There are currently about 902 students in grades 9-12. Brewer offers all the academics for honors and regular diplomas. In 2016, Brewer added several Advanced Placement courses for students. Brewer offers the only JROTC program and vocational/technical classes for the county school system. Students have a variety of elective subjects for participation. Students may also participate in a variety of extracurricular activities, programs and clubs.

== Extracurricular ==
Besides the main academic classrooms, there are 15 vocational/technical classes at A. P. Brewer Area Vocational and High School. In addition there are several science labs, computer labs, and a library with a video room for viewing materials and another video room to produce Brewer's television show, currently, "Patriot TV”.Brewer's first in school, student created television show was produced by Carson Clark and called "Good Morning B.H.S." Subsequent to Carson's tenure at Brewer, the late Jon David McAnally produced "Patriot Pride." "Patriot Pride" was continued and produced for four more years by John W. Tomlinson. These television shows could not have been possible without the support of two people who dedicated themselves to the students of Brewer, the late David Gurley and the late Johnnie Sue Gurley McAnally Ward. In order to honor their memories, in the late 1990s, John W. Tomlinson, a student at the time, and Jerry Thomas, a teacher at the time who taught English and sponsored the Thespian Society, undertook a campaign to rename Brewer's library "The David Gurley and Johnnie Sue McAnally Ward Media Center." John and Jerry raised the funds and had Ms. Ward's portrait commissioned to be displayed by her brother's portrait in the Media Center.

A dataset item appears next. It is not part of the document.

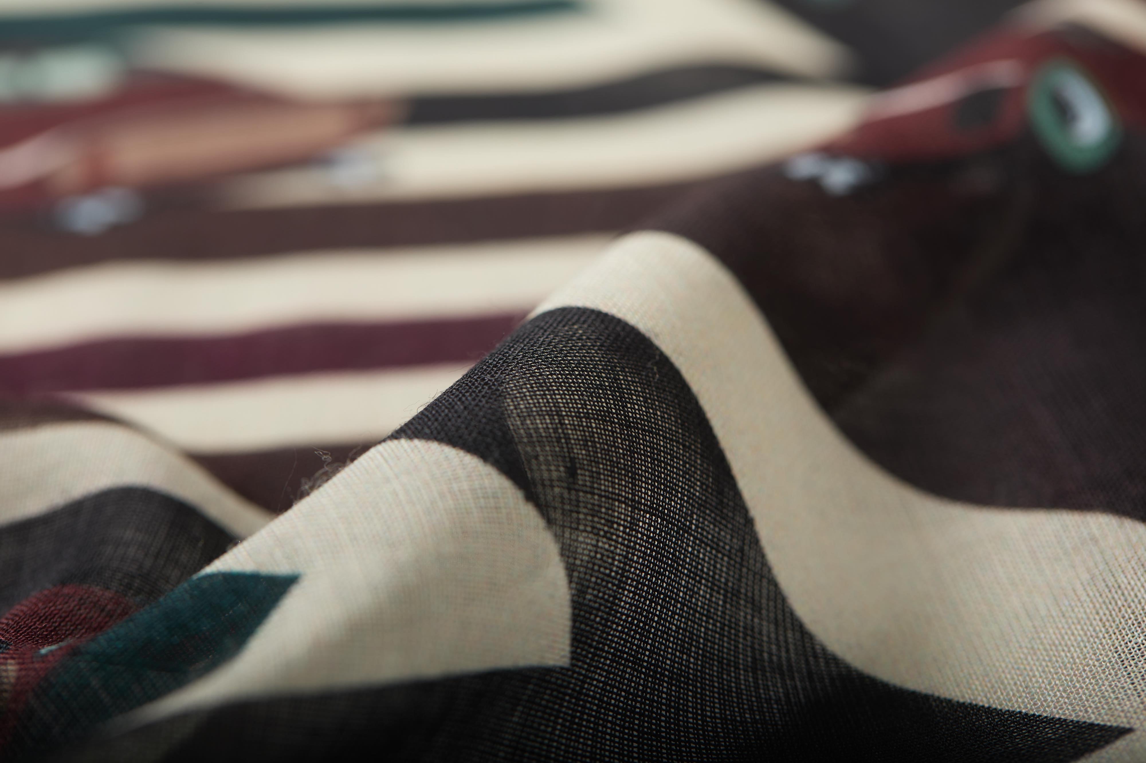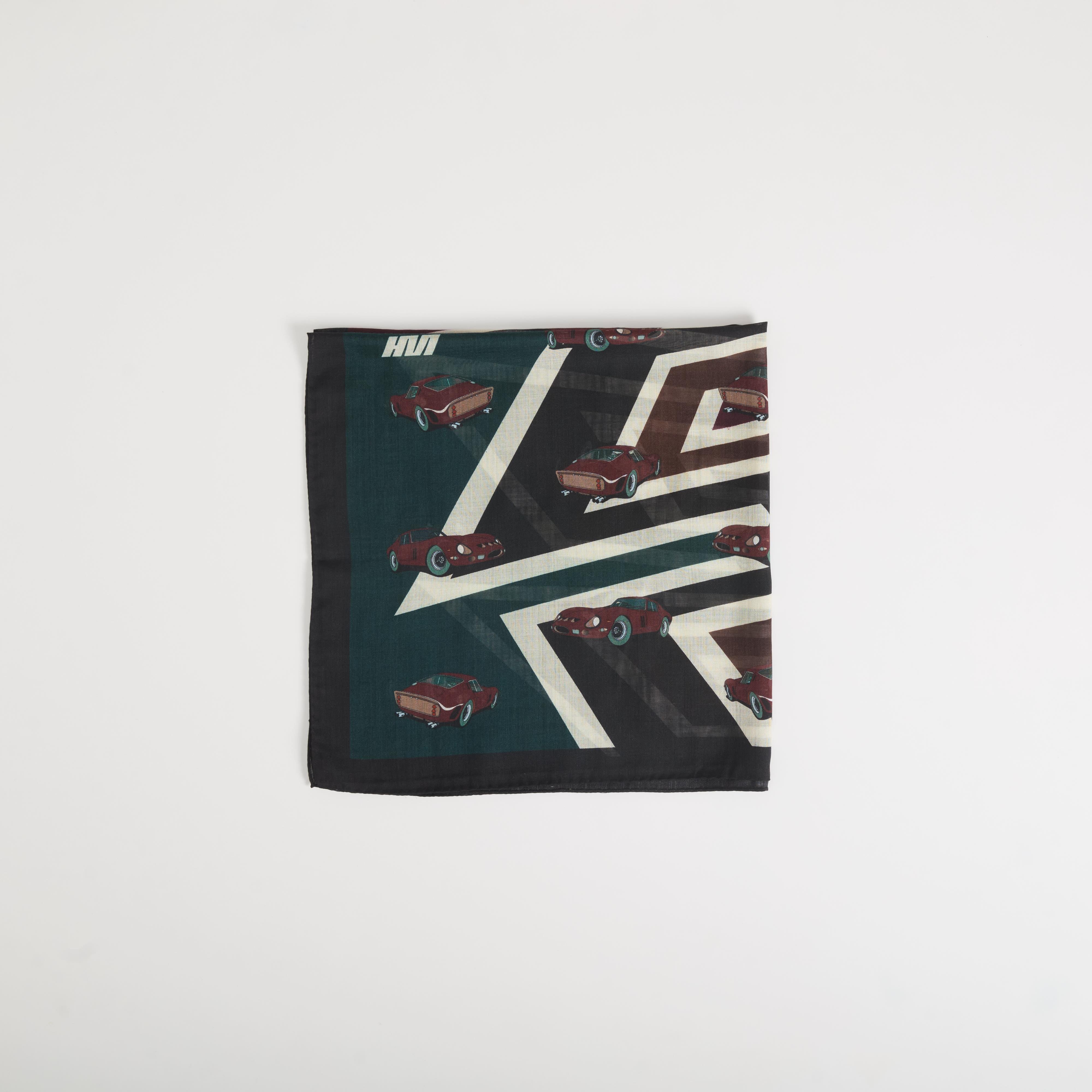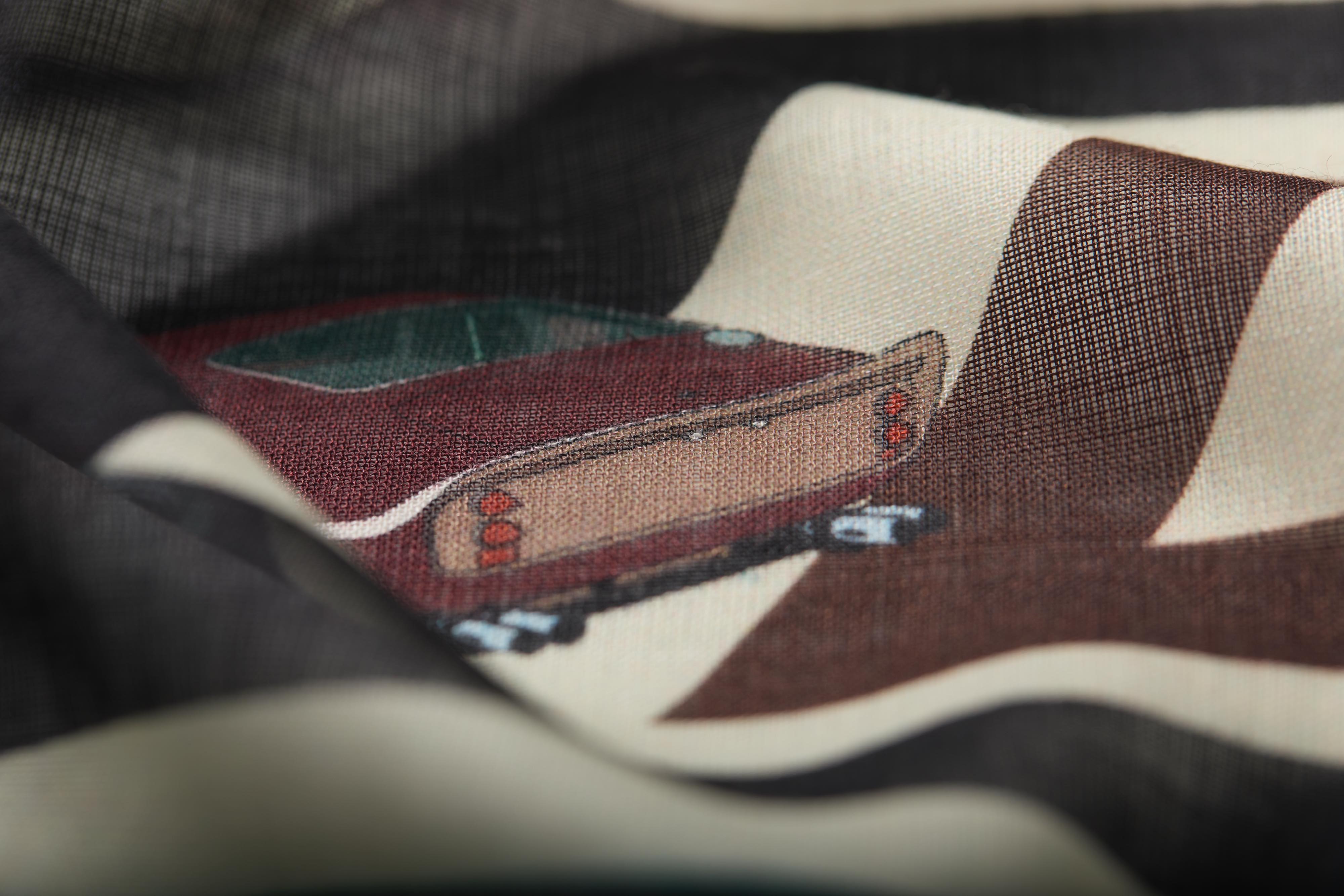 The Ferrari GTO is depicted in various angles, illustrating its sleek lines and timeless design, embodying luxury and classic automotive style. The graphic motion of the road pattern add a sense of speed and sophistication, making the scarf both a fashion statement and a tribute to one of Ferrari's most iconic models.

There is also an JROTC / In-School Suspension building and Band Room. There are two gymnasiums, a softball complex, and a baseball complex. The football stadium has a six lane track, field house, and weight room. Besides the regulation football field, there are four additional regulation fields that are used for practicing football, soccer, and a marching band field. One of these additional fields is the official soccer field. There is also an Outdoor Classroom and "Farm" for the agriculture classes, and two greenhouses used for the Horticulture classes.

==Sports==

- Baseball
- Basketball
- Cheerleading
- Cross Country
- Football
- Golf
- Soccer
- Softball
- Track
- Volleyball
- Wrestling

==Notable alumni==

- Jan Crawford, chief legal and political correspondent for CBS News
- Cully Hamner, comic book artist and writer.
- Gary Knotts, Former MLB player (Florida Marlins, Detroit Tigers)
- Kassie Miller, television personality and singer-songwriter
- Travis S. Taylor, star of National Geographic Channel's Rocket City Rednecks.